Saturday, April 1, 2017

Communication

Communicating in marriage is important. I would venture out to say that it is the most important thing a couple can do for each other. Yes, I do mean for each other. When couples communicate it allows both acting parities to see how much the person cares about them. When we take the time to listen, and have the willingness to understand one another, and how much we care shines from us. The stats on the ways people communicate are actually quite interesting.14% of normal communication comes from words, 35% of normal communication comes from the tone of your voice, and 51% comes from non-verbal communication. Our bodies can sometimes tell our emotions more than we can. Our behaviors, our movements, all can show different emotions that we are not saying out loud. For instance, you can say your fine, but while you are throwing your hands up in anger.
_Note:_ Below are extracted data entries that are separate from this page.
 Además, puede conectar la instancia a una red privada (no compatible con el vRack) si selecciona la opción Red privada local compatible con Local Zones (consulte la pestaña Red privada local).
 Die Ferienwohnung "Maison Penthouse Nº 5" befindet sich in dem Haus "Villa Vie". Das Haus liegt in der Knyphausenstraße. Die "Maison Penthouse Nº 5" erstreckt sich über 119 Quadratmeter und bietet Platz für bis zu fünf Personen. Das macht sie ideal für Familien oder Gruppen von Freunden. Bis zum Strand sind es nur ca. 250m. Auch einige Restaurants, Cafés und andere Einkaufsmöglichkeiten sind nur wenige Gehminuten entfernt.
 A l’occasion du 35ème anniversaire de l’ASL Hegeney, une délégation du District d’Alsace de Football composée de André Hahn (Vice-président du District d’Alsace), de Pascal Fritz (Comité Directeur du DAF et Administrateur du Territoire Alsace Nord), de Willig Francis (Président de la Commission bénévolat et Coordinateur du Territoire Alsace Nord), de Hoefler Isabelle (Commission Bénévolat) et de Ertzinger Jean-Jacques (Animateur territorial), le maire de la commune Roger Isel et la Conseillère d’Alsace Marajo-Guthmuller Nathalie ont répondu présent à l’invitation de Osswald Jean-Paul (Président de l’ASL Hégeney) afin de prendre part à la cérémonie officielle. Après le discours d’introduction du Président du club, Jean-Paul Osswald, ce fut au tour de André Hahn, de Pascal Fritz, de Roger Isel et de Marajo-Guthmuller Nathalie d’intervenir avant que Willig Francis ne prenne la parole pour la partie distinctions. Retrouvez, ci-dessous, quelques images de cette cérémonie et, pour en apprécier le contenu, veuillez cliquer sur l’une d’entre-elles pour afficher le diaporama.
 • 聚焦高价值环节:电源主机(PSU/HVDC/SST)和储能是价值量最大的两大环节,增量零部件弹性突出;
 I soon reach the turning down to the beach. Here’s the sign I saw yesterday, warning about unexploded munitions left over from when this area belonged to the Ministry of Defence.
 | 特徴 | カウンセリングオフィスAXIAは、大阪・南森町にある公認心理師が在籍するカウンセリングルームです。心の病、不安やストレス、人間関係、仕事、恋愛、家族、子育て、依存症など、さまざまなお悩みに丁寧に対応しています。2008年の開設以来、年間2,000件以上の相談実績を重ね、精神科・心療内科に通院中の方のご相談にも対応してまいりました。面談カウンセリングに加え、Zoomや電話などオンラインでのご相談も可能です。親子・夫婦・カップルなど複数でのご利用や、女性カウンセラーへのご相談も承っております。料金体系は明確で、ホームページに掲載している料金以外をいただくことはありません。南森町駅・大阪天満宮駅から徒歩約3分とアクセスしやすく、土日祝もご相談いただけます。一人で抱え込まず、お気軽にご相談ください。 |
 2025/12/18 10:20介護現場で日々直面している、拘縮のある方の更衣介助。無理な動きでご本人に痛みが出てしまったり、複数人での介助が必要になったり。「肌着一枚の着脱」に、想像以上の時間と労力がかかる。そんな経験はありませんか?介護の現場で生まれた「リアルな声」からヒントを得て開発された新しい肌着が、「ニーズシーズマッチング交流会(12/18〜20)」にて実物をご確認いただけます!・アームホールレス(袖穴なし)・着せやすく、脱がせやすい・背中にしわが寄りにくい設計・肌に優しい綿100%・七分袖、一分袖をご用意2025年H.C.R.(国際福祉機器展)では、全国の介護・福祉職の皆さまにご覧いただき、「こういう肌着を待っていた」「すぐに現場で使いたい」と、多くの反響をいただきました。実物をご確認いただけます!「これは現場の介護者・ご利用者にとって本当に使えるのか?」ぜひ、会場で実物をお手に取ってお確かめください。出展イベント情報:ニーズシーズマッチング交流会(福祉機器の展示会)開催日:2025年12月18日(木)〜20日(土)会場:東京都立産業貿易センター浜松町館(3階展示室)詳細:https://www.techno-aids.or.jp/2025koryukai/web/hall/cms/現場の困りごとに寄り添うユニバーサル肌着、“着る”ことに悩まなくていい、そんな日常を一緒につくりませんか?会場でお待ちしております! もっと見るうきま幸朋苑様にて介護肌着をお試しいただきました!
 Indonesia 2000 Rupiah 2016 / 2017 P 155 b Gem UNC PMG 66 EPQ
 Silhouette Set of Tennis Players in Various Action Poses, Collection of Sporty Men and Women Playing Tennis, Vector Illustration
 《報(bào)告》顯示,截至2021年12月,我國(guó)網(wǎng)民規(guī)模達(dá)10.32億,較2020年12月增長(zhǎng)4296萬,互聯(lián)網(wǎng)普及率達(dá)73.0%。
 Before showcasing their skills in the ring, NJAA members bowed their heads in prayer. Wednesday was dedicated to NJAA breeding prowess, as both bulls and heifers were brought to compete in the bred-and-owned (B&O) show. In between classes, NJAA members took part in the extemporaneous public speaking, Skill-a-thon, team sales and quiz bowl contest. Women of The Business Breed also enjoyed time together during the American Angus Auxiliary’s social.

Obviously, your actions are saying “I am not fine”, and what is not new knowledge is that, people notice it. It effects them. Our non-verbal cues can escalate situations more than words sometimes. This is why couples need to take the time to communicate with one another.
            So let us look at the way communication happens. First you have your thoughts/feelings, second you encode what you are going to say, third you decide how you are going to say it. After you have spoken, the other person then decodes what you have said, and develops their own thoughts and feelings on it. Then they go through the same process you did. As each person is conveying their thoughts and feelings, things can be misunderstood. This leads to miscommunication and eventually an argument. As a husband or wife, you need to let your spouse know that you don’t understand what they are trying to say, rather than saying “I understand” to get the argument to end. If we do that we are only hurting our relationships. As you put your feelings into words, you are showing commitment to the other person, and when you listen with empathy to them, you are showing commitment back. You are also showing commitment back as you let them know you don’t understand, because you let them know that “I want to understand, can you help me”. I believe so many divorces, and arguments would not happen, if couples would just be willing to communicate with each other. To set aside pride, and remember that this is the person I love, and they are hurting. We need to remember that. You love your spouse, so why would you want to let them hurt?

            Communicating also builds the relationship. We build a deeper compassion for our spouse, and a stronger connection. It also can do the opposite. What is interesting about communication is, you can never not communicate. We are always communicating with everyone we meet. There is always communication, no matter if its good, or bad miscommunication. We all still communicate no matter what. Something that can help with miscommunication, is forget yourself, and listen. Remember that grace should be present. You are not communicating to argue, but to make a difference in your relationship. Grace is something that is not earned, deserved, or paid for. It is freely given. Motivation for communicating should be based on resolving issues for the better, because we want them to be better. We want to have joy in our relationships, and it takes humility to do it.